As for the shower, we will probably put a 4' square in a corner. Looking for something different and something that sort of felt 1906-y, i priced something like this, in white:

 photo Screenshot2013-10-07at110807AM.png

So, I knew it wouldn't be easy or cheap, but hey, I am game. It took me three weeks to get a quote. It will take 22 weeks lead time, and the cost is $15,520 (right angle, true divided light as per this rendering, 48" each side) . A normal frameless glass right angle would have cost $2400.

 photo Screenshot2013-10-07at104157AM.png

So I said to the guy, gee, I guess that is a little indulgent, isn't it! Then he told me that he was doing a job for someone where the shower door was $26,000 ... it had a frame all around it, in solid polished nickel. He was telling me that lately people don't want frameless anymore, since we all have it now, and they are looking for frames!

People (self included) are funny, huh? And this is in Maine, not NYC.

I actually want the shower to have wall, a real wall, and then a curtain on one side. DH thinks I am craz-zey!

Follow-Up Postings:

RE: X-post re Bathroom showers

With a 48"x48" shower space, I think you do not need a full enclosure. One partition, perpendicular to the shower fixtures wall is enough, with an entrance on the opposite side. A single partition without a door would be way cheaper to build.

RE: X-post re Bathroom showers


Yes, we could do that (we have that in one of our bathrooms here). But, we wanted to keep the heart pine hardwood floor that is already there. So in that case I am a little wary of one sided solutions, kwim? I guess If I wanted it bad enough I could tile the floor ... or, insert a tile "rug", kwim? ..... thinking ....

RE: X-post re Bathroom showers

Yikes! Not sure which is more surprising the cost or the long timeframes for quotes and fabrication. I guess if they are busy...

It is a great look. If you didn't do a true divided light do you think it would be easier to do?

RE: X-post re Bathroom showers


I was willing to forgeo true divided light, which I am sure would lower the cost, but it really can't be done. If you just adhere a grid to the glass, you will see the wrong side and the glue when you are inthe shower. If you put a grid in the shower, you will have a big maintenance issue.

RE: X-post re Bathroom showers

Have you considered etching the grid pattern into the shower glass?

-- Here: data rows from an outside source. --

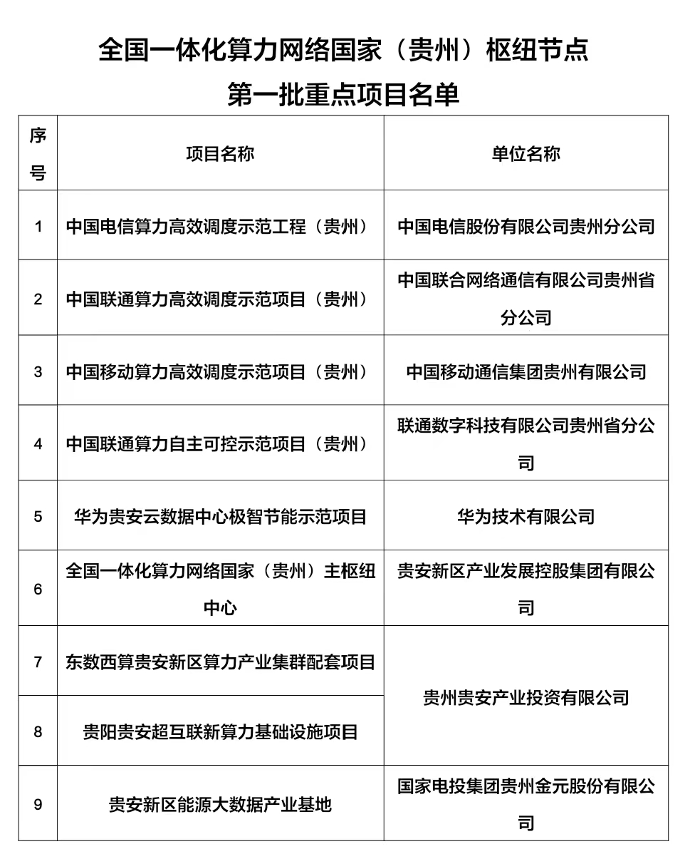 近日,记者从贵州省大数据发展管理局获悉,为持续推进贵州省“东数西算”工程建设,省大数据局公布了全国一体化算力网络国家(贵州)枢纽节点第一批重点项目名单。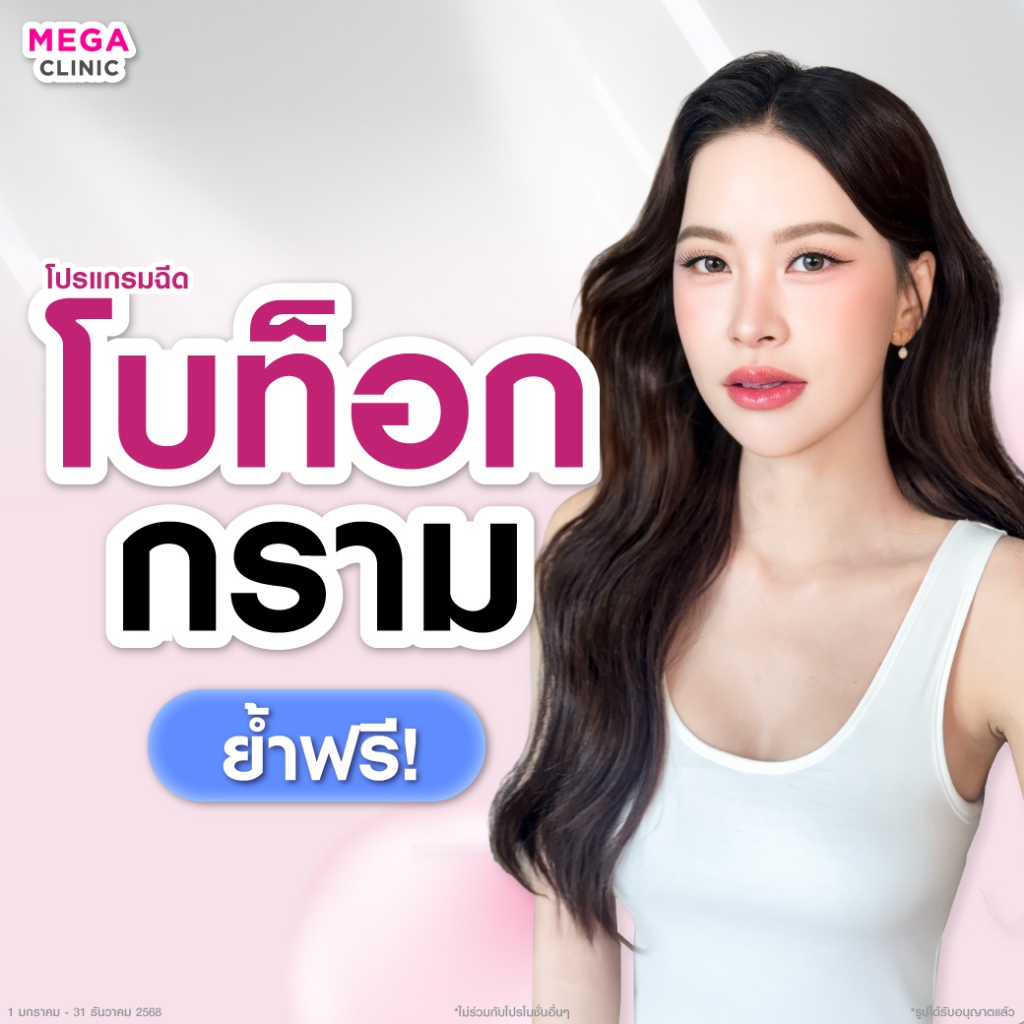 [E-voucher] โบท็อกลดกราม + งานผิว ย้ำฟรีอีก 1 ครั้ง MEGA CLINIC เมกะคลินิก
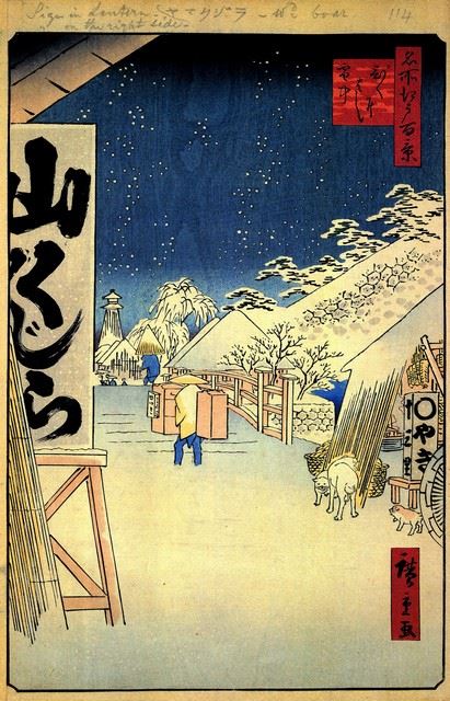 Artist: Utagawa Hiroshige - Title: Bikuni Bridge in Snow - Medium: Fine Art Giclee on Canvas - Image Size: Approximately 20 inches x 20.75 inches - Unframed on Unstretched Canvas - Biography: (1797 - 12 October 1858) Hiroshige 's print s convey the beauty of Japan and provide insight into the everyday life of its citizens during the Edo period. The appeal of his tender, lyrical landscapes was not restricted to the Japanese audience.Hiroshige 's work had a profound influence on the Impressionists and Post-Impressionists of Europe: Toulouse-Lautrec was fascinated withHiroshige 's daring diagonal compositions and inventive use of perspective, while Van Gogh literally copied two ofHiroshig's prints from the famous series, 100 Famous Views of Edo in oil paint. - The borders may not be even inHiroshig's images. Please refer to the image.

RE: X-post re Bathroom showers

Hi Suero,

Yes, thanks, but I don't think that will give the look I want. I think it might look even more modern. It is a 1906 house and I wanted it to look like the windows do...

RE: X-post re Bathroom showers

Have you looked at architectural salvage for greehouse walls or doors? Or a new greenhouse wall? Or double glass with a grid in between?

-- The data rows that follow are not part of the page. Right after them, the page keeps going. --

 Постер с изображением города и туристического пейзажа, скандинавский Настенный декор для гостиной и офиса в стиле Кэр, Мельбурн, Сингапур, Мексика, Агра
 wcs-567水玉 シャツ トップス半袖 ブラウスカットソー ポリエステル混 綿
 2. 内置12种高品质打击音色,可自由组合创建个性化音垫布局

Would DH be less opposed to the curtain idea if you built in a cubbie where it stayed hidden when dry?

RE: X-post re Bathroom showers

Wracking my brains here... a nautilus-shaped shower, perhaps with the entry curved area made with an interesting metal? No door needed and you could put a big window in a wall of the shower proper to let in light. Copper seems the perfect material for the era.

Looking at your inspiration photo, it occurred to me that perhaps you could try talking to a local wrought iron shop about manufacturing the frame and door. I wonder if their frame for the two walls would be less expensive. I know that I was pleasantly surprised at the cost of my porch railing some years ago. As for the glass, how could you keep the glass clean if it had divided lites inside the shower? Would it really be that horrible to have a solid wall of glass inside and the pattern made of metal or wood outside? With a clever installation, there would be no glue or other adhesives mucking up the back side of the grid, and the white metal or wood would be finished on the backside in order to have a clean appearance from inside the shower. You can do this by having the metal frame with divided lights be supported independently and hang the glass walls from the solid walls as you would for a frameless one. Just have the metal framework made so that it hides the glass supports.

I am also contemplating some kind of roller shade look outside your glass. I think all those divided lites are making me think of a porch. Or shutters. This is a cottage, right? Shutter doors on the open wall instead of the curtain your husband does not like?